----- RECORDS FOR PROCESSING -----

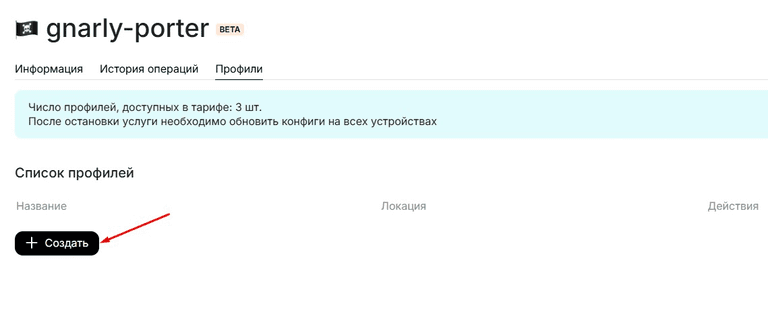 В разделе «Профили» вы найдете подробную информацию о вашей услуге, а также количество доступных профилей. Для каждого профиля вы можете задать его название.
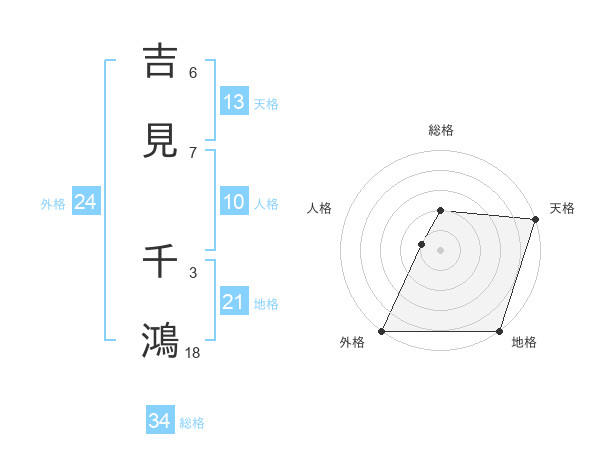 吉見 千鴻さんを姓名の画数から五運を鑑定
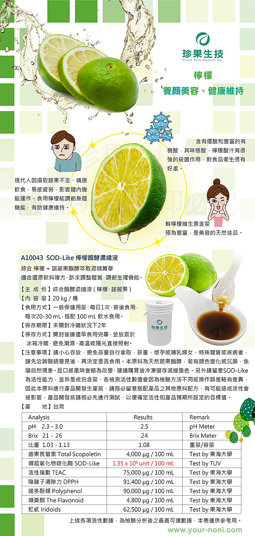 本原料一般消費者無法進行後續加工處理,僅供專業採購商參考,不開放給一般客戶購買,如有任何問題,請與本公司連絡,造成不便 敬請見諒。諾麗,SOD-Like,酵素
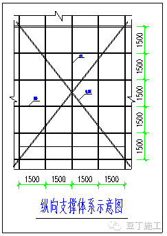 腳手架的縱向傳力結(jié)構(gòu)架構(gòu)件限制不能形成封閉形。如“凹”字型的腳手架,其兩端必須設(shè)置橫向支撐。并于中間每隔六個間距加設(shè)一道橫向支撐,如圖所示。
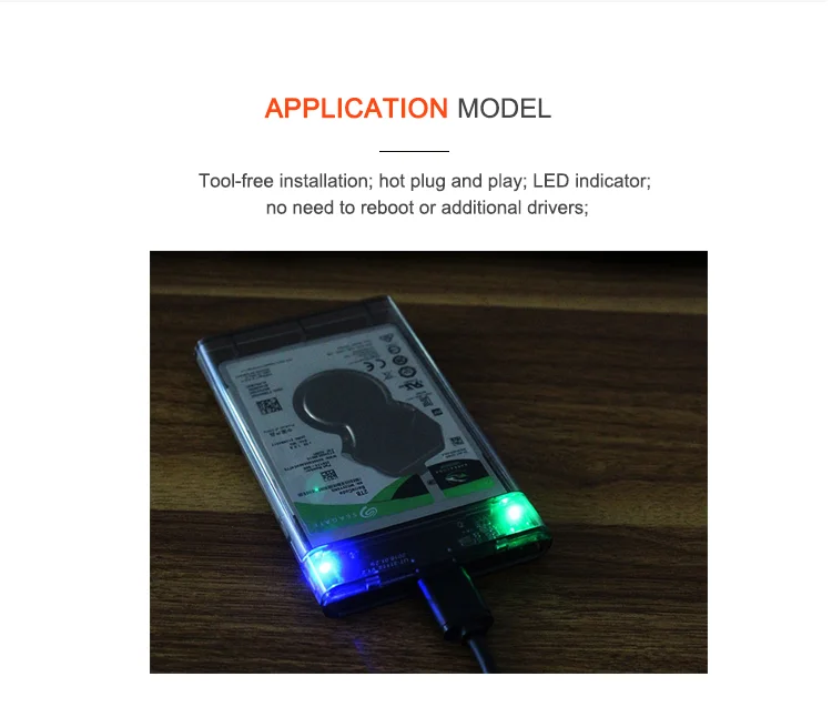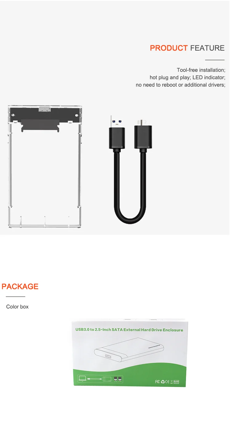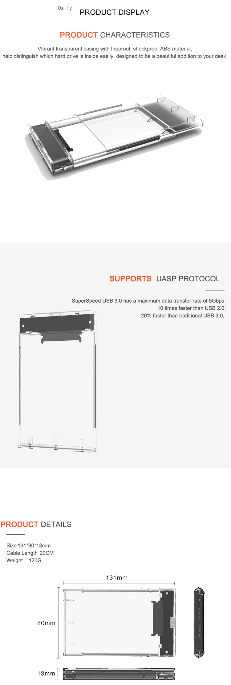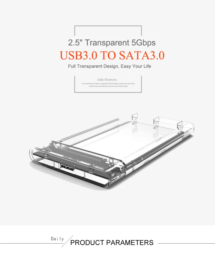 | Product Name | 2.5" Transparent 5Gbps USB3.0 to Sata3.0 HDD Case Tool Free Hard Drive Enclosure |
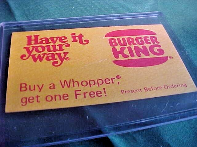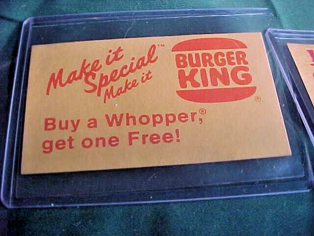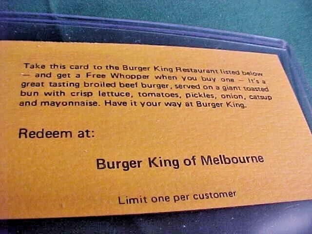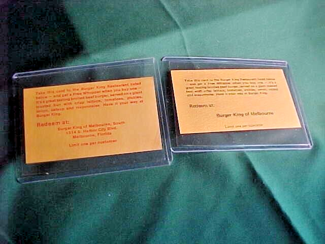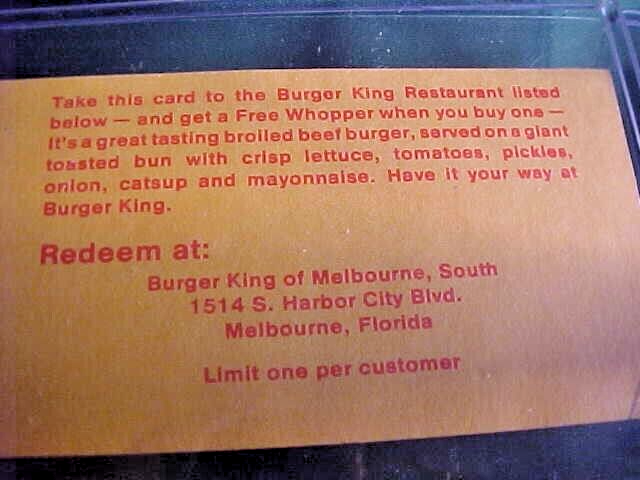 This listing is for two Burger King Whopper coupons from Melbourne, Florida. One is from the 1970's the other from the 1980's. They measure 3 1/2" by 2". They are originals not reproductions. Great collectibles. See photos for more details and conditon.
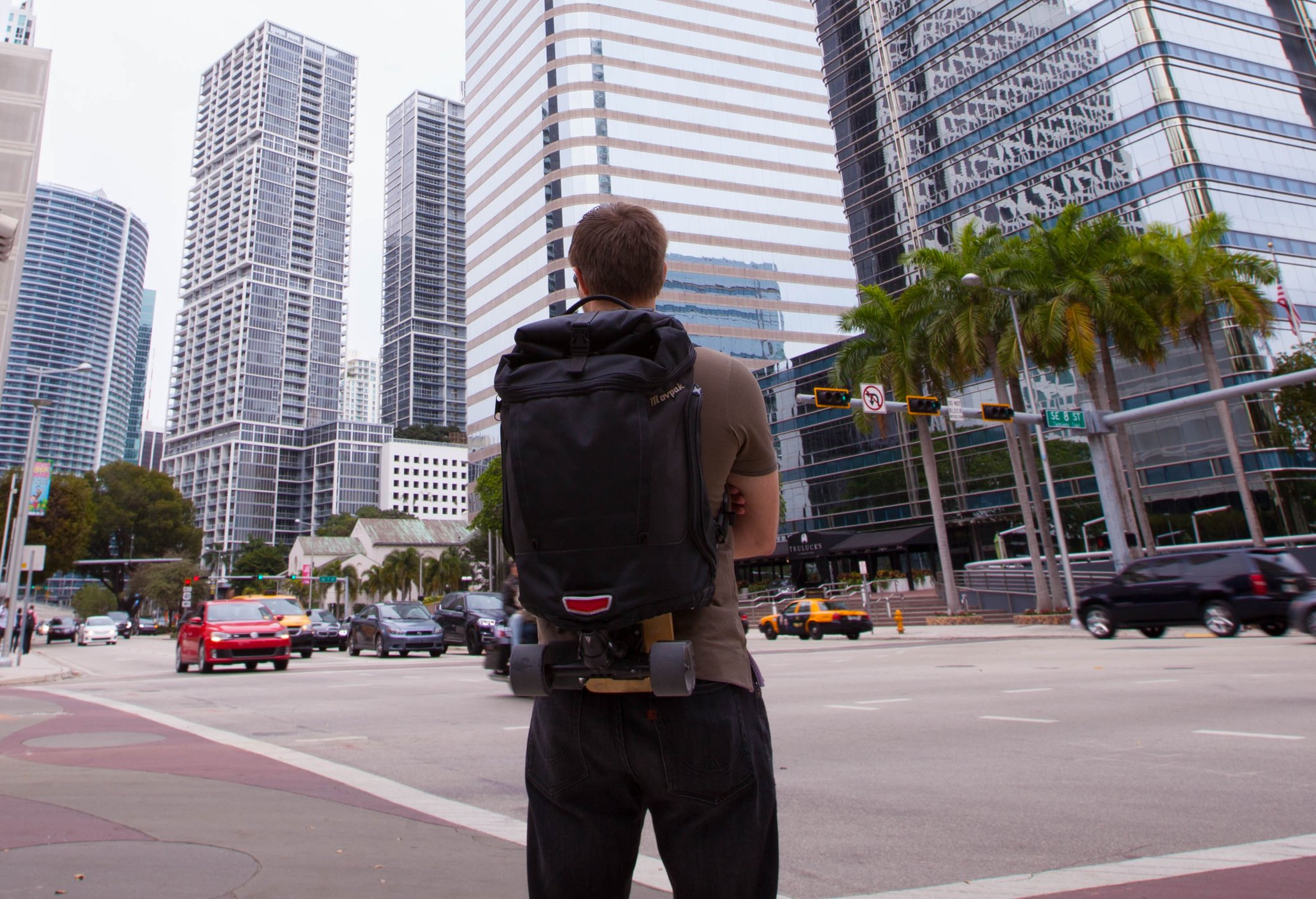 Приличный электроскейт стоит $300-400. Но - да, проще купить отдельный электроскейт и нормальный рюкзачок 😉
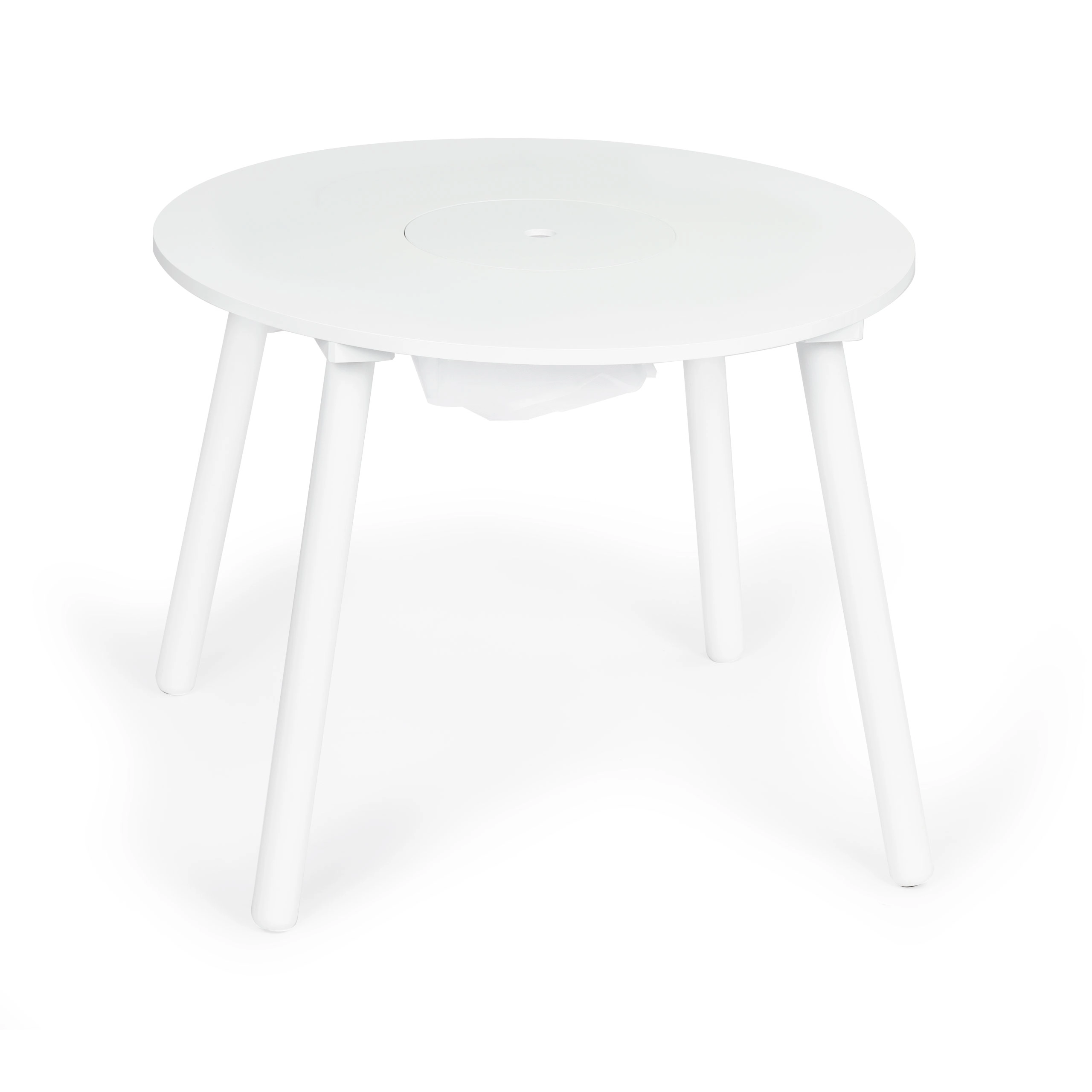 Het ruime ronde blad zonder scherpe hoeken biedt voldoende plek voor tekenen, constructies en tussendoortjes – veilig en overzichtelijk.
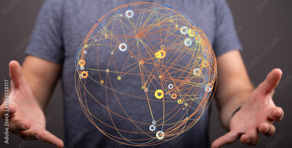 Conceptual image of a person holding a digital network globe, symbolizing global connections, data, and communication. This can repre

-----

■ **WORK REQUIRED**
What is needed is an exact output of the records above, with every picture left out.

■ **WRITTEN SOLUTION**
 В разделе «Профили» вы найдете подробную информацию о вашей услуге, а также количество доступных профилей. Для каждого профиля вы можете задать его название.
 吉見 千鴻さんを姓名の画数から五運を鑑定
 本原料一般消費者無法進行後續加工處理,僅供專業採購商參考,不開放給一般客戶購買,如有任何問題,請與本公司連絡,造成不便 敬請見諒。諾麗,SOD-Like,酵素
 腳手架的縱向傳力結(jié)構(gòu)架構(gòu)件限制不能形成封閉形。如“凹”字型的腳手架,其兩端必須設(shè)置橫向支撐。并于中間每隔六個間距加設(shè)一道橫向支撐,如圖所示。
 | Product Name | 2.5" Transparent 5Gbps USB3.0 to Sata3.0 HDD Case Tool Free Hard Drive Enclosure |
 This listing is for two Burger King Whopper coupons from Melbourne, Florida. One is from the 1970's the other from the 1980's. They measure 3 1/2" by 2". They are originals not reproductions. Great collectibles. See photos for more details and conditon.
 Приличный электроскейт стоит $300-400. Но - да, проще купить отдельный электроскейт и нормальный рюкзачок 😉
 Het ruime ronde blad zonder scherpe hoeken biedt voldoende plek voor tekenen, constructies en tussendoortjes – veilig en overzichtelijk.
 Conceptual image of a person holding a digital network globe, symbolizing global connections, data, and communication. This can repre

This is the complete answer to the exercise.